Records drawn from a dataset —
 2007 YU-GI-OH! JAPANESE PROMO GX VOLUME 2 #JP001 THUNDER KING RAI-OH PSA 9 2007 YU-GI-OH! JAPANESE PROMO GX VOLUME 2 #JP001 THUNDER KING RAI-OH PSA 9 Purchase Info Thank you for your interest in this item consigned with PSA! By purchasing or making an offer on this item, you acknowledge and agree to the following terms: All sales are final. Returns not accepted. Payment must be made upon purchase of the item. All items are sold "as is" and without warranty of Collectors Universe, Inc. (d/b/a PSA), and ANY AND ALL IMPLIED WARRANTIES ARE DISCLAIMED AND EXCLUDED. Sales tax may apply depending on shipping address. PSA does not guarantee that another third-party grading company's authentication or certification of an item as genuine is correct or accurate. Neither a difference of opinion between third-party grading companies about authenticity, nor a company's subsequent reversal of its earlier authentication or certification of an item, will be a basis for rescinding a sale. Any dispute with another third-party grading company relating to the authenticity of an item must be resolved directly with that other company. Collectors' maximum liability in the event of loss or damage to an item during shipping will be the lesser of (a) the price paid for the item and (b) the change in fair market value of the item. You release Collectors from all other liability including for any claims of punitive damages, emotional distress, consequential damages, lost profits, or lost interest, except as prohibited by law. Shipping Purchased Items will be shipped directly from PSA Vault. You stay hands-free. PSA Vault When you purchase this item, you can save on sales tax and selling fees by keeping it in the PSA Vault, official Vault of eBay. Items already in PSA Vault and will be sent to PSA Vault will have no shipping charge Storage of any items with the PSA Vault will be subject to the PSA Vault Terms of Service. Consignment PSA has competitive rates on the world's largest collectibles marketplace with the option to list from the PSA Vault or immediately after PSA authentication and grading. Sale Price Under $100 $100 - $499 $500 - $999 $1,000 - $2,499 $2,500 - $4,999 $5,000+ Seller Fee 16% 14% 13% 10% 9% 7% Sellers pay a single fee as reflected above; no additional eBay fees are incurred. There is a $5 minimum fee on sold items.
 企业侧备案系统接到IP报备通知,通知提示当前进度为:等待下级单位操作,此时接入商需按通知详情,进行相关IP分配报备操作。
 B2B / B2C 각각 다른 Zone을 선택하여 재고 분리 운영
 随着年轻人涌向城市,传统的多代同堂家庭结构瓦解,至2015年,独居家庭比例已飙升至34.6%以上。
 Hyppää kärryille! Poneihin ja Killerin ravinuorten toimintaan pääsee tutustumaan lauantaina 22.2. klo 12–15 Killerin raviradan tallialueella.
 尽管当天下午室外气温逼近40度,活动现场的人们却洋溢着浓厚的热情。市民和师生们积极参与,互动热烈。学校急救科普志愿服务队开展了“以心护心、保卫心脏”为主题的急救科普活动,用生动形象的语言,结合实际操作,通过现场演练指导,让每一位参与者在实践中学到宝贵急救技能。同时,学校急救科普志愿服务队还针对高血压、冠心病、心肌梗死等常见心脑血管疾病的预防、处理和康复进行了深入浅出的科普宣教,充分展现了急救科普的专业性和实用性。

DESCRIPTION OF THE TASK —
Output every record without changing any wording.

ANSWER FOR THIS EXERCISE —
 2007 YU-GI-OH! JAPANESE PROMO GX VOLUME 2 #JP001 THUNDER KING RAI-OH PSA 9 2007 YU-GI-OH! JAPANESE PROMO GX VOLUME 2 #JP001 THUNDER KING RAI-OH PSA 9 Purchase Info Thank you for your interest in this item consigned with PSA! By purchasing or making an offer on this item, you acknowledge and agree to the following terms: All sales are final. Returns not accepted. Payment must be made upon purchase of the item. All items are sold "as is" and without warranty of Collectors Universe, Inc. (d/b/a PSA), and ANY AND ALL IMPLIED WARRANTIES ARE DISCLAIMED AND EXCLUDED. Sales tax may apply depending on shipping address. PSA does not guarantee that another third-party grading company's authentication or certification of an item as genuine is correct or accurate. Neither a difference of opinion between third-party grading companies about authenticity, nor a company's subsequent reversal of its earlier authentication or certification of an item, will be a basis for rescinding a sale. Any dispute with another third-party grading company relating to the authenticity of an item must be resolved directly with that other company. Collectors' maximum liability in the event of loss or damage to an item during shipping will be the lesser of (a) the price paid for the item and (b) the change in fair market value of the item. You release Collectors from all other liability including for any claims of punitive damages, emotional distress, consequential damages, lost profits, or lost interest, except as prohibited by law. Shipping Purchased Items will be shipped directly from PSA Vault. You stay hands-free. PSA Vault When you purchase this item, you can save on sales tax and selling fees by keeping it in the PSA Vault, official Vault of eBay. Items already in PSA Vault and will be sent to PSA Vault will have no shipping charge Storage of any items with the PSA Vault will be subject to the PSA Vault Terms of Service. Consignment PSA has competitive rates on the world's largest collectibles marketplace with the option to list from the PSA Vault or immediately after PSA authentication and grading. Sale Price Under $100 $100 - $499 $500 - $999 $1,000 - $2,499 $2,500 - $4,999 $5,000+ Seller Fee 16% 14% 13% 10% 9% 7% Sellers pay a single fee as reflected above; no additional eBay fees are incurred. There is a $5 minimum fee on sold items.
 企业侧备案系统接到IP报备通知,通知提示当前进度为:等待下级单位操作,此时接入商需按通知详情,进行相关IP分配报备操作。
 B2B / B2C 각각 다른 Zone을 선택하여 재고 분리 운영
 随着年轻人涌向城市,传统的多代同堂家庭结构瓦解,至2015年,独居家庭比例已飙升至34.6%以上。
 Hyppää kärryille! Poneihin ja Killerin ravinuorten toimintaan pääsee tutustumaan lauantaina 22.2. klo 12–15 Killerin raviradan tallialueella.
 尽管当天下午室外气温逼近40度,活动现场的人们却洋溢着浓厚的热情。市民和师生们积极参与,互动热烈。学校急救科普志愿服务队开展了“以心护心、保卫心脏”为主题的急救科普活动,用生动形象的语言,结合实际操作,通过现场演练指导,让每一位参与者在实践中学到宝贵急救技能。同时,学校急救科普志愿服务队还针对高血压、冠心病、心肌梗死等常见心脑血管疾病的预防、处理和康复进行了深入浅出的科普宣教,充分展现了急救科普的专业性和实用性。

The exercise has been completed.